You will be able to:
- Understand and explain what is covered in this section
- Understand and explain why the section will help you to become a data scientist
In this section, we'll be looking at .....
Without good experimental design, it's very easy to draw the wrong conclusions from your experiments. Because of that, we kick this section off by looking at the scientific method and the key elements of good experimental design - forming alternate and null hypotheses, conducting an experiment, analysing the results for statistical significance and drawing conclusions.
We then look at how to calculate and interpret the size of the difference between control and test groups. We'll see how the "Effect Size" can be used to communicate the practical significance of experimental results, to perform meta-analyses of multiple studies, and to perform power analysis to determine the number of particicpants that a study would require to achieve a certain probability of finding a true effect. We'll also look at t-tests and how they can be used to compare two averages to see how significant the differences are between two sets of results.

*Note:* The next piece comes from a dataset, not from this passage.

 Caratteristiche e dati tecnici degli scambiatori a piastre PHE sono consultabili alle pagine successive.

From there, we introduce the concept of type 1 (false positive) and type 2 (false negative) errors and the inherent trade off between them.

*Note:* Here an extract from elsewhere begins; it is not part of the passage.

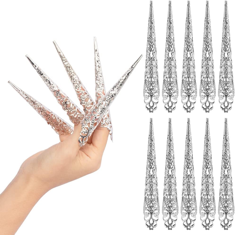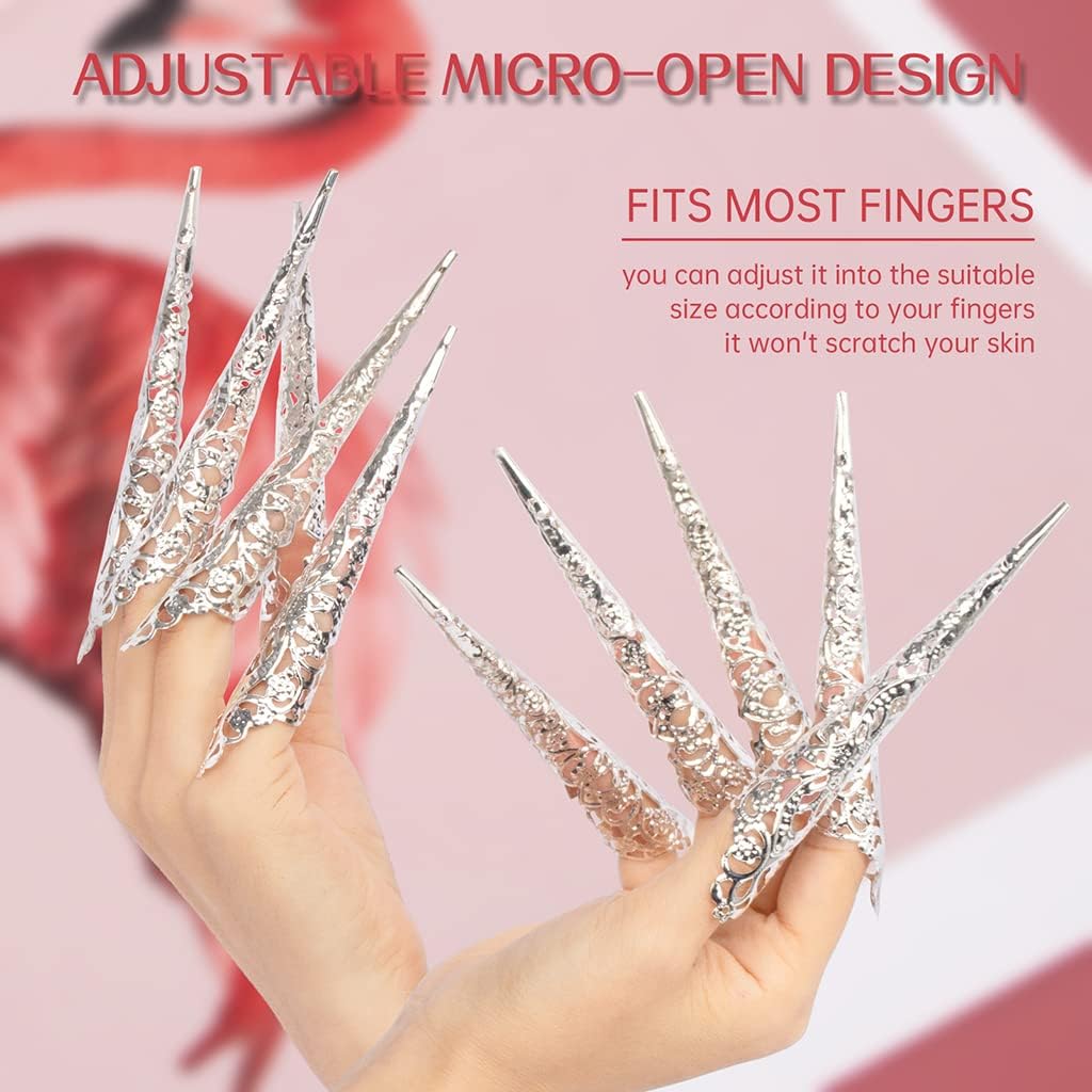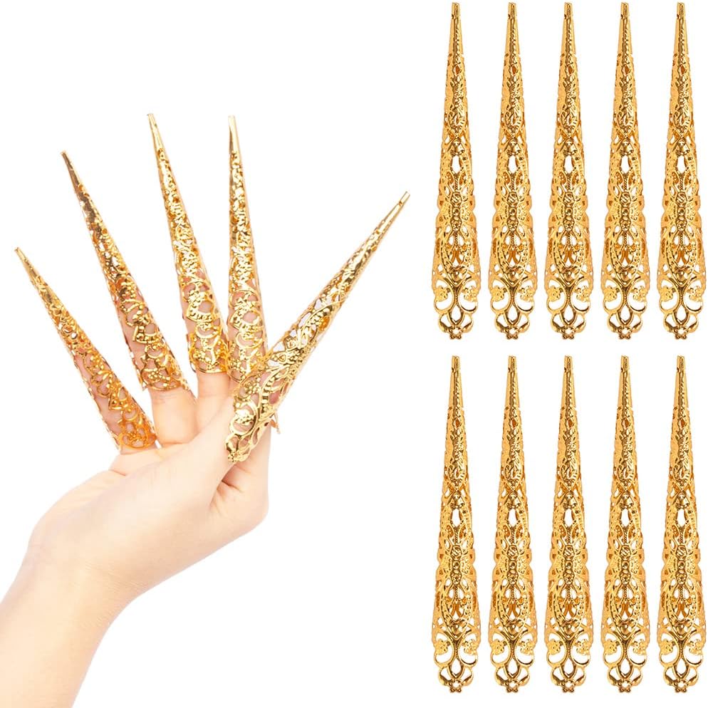 Squisito aspetto delle unghie regina, questo set di anelli per unghie è appositamente progettato come regina nei tempi antichi, lungo per estremità affilata con finitura dorata, molto imponente e attraente tra le persone. Materiale di alta qualità, questi anelli per unghie sono realizzati in materiale di alta qualità, delicati sulla pelle, non sbiaditi, antiruggine e durevoli per un uso prolungato. Si prega di tenerlo lontano dall'acqua quando si indossa o si mette da parte. Meraviglioso regalo decorativo, questo anello per unghie ha un design e un aspetto eleganti, ed è solitamente popolare tra attrici o persone che sono interessate a un ruolo teatrale in costume antico per giocare. Ti renderà più attraente. Può anche essere un bellissimo accessorio nella tua collezione o un bel regalo per la famiglia o gli amici. Adatto per molteplici spettacoli, l'anello per unghie da regina, gli artigli per cosplay sono perfetti per Bodhisattva Guan Yin da mille mani e danza del ventre, ballerina sexy, matrimonio, costumi da regina del palazzo, costumi di Halloween per donne, Natale, ecc. Non cadrà, design regolabile con apertura a micor, è possibile regolarlo in base alle dita, non scartch le dita, leggero.

We then introduce the concept of the power of a statistical test - the test's ability to detect a difference, when one exists. We look at how it relates to p-values and effect size for hypothesis testing, and get some practice calculating statistical powers using SciPy. We then pull together all of the previous ideas and ask you to design an experiment for a policital campaign.
From there, we look at some of the issues that arise when trying to perform multiple comparisons - from the risks of spurious correlations to the important of corrections such as the Bonferroni Correction to deal with the risks inherent in multiple comparisons.
Next up is A/B testing. We start by introducing the concept of an A/B terst, and then building on our recent experience of experimental design, we go through the process of designing, structuring and running an A/B test.
We then take a little bit of time to consider the implications of misusing metrics - even if our experiments are initially sound.
Finally, we spend some time introducing the (Analysis of Variance) method for generalizing previous discussions regarding statistical tests to multiple groups.
Without a good understanding of experimental design, it's easy to end up confusing spurious correlations for meaningful results or placing too much (or too little) weight on the results of any given test. In this section we cover a range of tools and techniques to ensure that you design your experiments regirously and interpret them thoughtfully.